> _TASK TO CARRY OUT_
Scan the records for lines holding "plastic". Say how many there are and give nothing else.

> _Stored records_
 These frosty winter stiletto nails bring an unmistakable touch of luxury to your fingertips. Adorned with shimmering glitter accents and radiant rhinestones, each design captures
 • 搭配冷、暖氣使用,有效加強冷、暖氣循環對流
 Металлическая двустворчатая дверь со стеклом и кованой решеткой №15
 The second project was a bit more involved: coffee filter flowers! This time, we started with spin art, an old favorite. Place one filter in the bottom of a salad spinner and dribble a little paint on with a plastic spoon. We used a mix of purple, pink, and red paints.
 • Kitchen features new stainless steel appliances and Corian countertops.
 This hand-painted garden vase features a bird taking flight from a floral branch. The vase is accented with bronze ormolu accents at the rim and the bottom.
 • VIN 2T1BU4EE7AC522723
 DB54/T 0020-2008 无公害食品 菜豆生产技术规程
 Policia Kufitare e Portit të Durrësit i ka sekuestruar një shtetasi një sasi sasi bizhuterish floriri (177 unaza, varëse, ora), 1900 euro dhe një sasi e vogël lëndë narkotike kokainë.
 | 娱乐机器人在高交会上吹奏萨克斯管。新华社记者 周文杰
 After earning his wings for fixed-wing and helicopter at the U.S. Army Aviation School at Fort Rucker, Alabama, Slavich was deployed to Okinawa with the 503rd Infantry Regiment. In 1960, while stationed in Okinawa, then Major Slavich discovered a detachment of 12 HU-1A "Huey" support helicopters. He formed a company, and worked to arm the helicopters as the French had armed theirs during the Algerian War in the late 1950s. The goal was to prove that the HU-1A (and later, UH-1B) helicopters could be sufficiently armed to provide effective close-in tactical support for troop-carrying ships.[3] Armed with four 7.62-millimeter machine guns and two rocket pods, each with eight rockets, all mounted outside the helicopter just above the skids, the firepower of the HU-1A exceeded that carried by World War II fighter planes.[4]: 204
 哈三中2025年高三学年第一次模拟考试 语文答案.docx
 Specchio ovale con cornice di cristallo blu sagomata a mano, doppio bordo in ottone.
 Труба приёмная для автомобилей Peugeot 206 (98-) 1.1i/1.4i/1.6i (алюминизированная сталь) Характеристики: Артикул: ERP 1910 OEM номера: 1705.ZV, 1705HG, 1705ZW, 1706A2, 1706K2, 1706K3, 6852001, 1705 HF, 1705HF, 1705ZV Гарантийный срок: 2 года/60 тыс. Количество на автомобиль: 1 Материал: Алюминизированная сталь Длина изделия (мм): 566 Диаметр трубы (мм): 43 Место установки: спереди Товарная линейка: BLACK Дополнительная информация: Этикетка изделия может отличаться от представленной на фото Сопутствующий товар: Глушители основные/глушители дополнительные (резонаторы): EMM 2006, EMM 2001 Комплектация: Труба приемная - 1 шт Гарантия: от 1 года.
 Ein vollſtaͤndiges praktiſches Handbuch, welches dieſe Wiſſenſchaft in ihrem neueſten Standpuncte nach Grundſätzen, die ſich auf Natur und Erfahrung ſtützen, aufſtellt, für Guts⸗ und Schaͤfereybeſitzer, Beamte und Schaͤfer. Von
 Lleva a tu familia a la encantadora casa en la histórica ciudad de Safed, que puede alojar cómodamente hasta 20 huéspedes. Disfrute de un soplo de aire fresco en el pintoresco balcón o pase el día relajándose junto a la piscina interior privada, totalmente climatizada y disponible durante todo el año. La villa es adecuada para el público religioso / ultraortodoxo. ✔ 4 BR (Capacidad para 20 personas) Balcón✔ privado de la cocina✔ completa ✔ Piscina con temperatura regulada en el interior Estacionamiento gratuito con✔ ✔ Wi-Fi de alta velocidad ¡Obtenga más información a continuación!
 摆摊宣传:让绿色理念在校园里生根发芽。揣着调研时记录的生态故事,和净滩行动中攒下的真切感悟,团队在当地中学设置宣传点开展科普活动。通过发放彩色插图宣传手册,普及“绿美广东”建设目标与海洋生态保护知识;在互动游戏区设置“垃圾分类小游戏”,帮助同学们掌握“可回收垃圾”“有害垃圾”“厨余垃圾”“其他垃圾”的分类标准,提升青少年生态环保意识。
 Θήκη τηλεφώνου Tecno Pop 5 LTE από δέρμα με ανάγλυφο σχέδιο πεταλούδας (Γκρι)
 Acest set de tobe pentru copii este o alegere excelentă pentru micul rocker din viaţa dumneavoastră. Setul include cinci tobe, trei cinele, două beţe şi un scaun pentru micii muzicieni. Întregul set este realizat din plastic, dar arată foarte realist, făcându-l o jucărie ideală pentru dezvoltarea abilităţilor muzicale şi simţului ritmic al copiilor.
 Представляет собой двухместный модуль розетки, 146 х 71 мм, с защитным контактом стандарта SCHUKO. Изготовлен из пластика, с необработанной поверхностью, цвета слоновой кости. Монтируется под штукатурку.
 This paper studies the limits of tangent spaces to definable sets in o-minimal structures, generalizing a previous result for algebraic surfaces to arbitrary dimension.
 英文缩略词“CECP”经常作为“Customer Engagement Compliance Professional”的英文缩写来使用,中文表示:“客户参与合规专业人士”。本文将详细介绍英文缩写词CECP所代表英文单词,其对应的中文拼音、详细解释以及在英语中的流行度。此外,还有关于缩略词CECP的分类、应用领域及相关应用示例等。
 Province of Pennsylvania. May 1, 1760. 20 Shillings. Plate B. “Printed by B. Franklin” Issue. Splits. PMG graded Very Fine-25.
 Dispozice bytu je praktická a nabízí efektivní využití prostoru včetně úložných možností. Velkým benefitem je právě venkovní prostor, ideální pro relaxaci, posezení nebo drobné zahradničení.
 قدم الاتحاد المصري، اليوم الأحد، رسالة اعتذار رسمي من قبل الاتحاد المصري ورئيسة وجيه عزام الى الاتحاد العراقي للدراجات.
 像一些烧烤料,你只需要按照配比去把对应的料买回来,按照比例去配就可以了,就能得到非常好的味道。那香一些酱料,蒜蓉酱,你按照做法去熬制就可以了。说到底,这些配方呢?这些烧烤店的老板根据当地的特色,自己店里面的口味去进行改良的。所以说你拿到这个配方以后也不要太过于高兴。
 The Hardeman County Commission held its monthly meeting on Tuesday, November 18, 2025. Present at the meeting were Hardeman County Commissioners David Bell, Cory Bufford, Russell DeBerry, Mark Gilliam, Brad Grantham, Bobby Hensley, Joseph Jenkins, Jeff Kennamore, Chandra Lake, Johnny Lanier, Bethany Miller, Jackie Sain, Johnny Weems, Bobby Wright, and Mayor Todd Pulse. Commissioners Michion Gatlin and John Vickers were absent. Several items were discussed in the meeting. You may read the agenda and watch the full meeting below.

> _EXERCISE RESPONSE_
2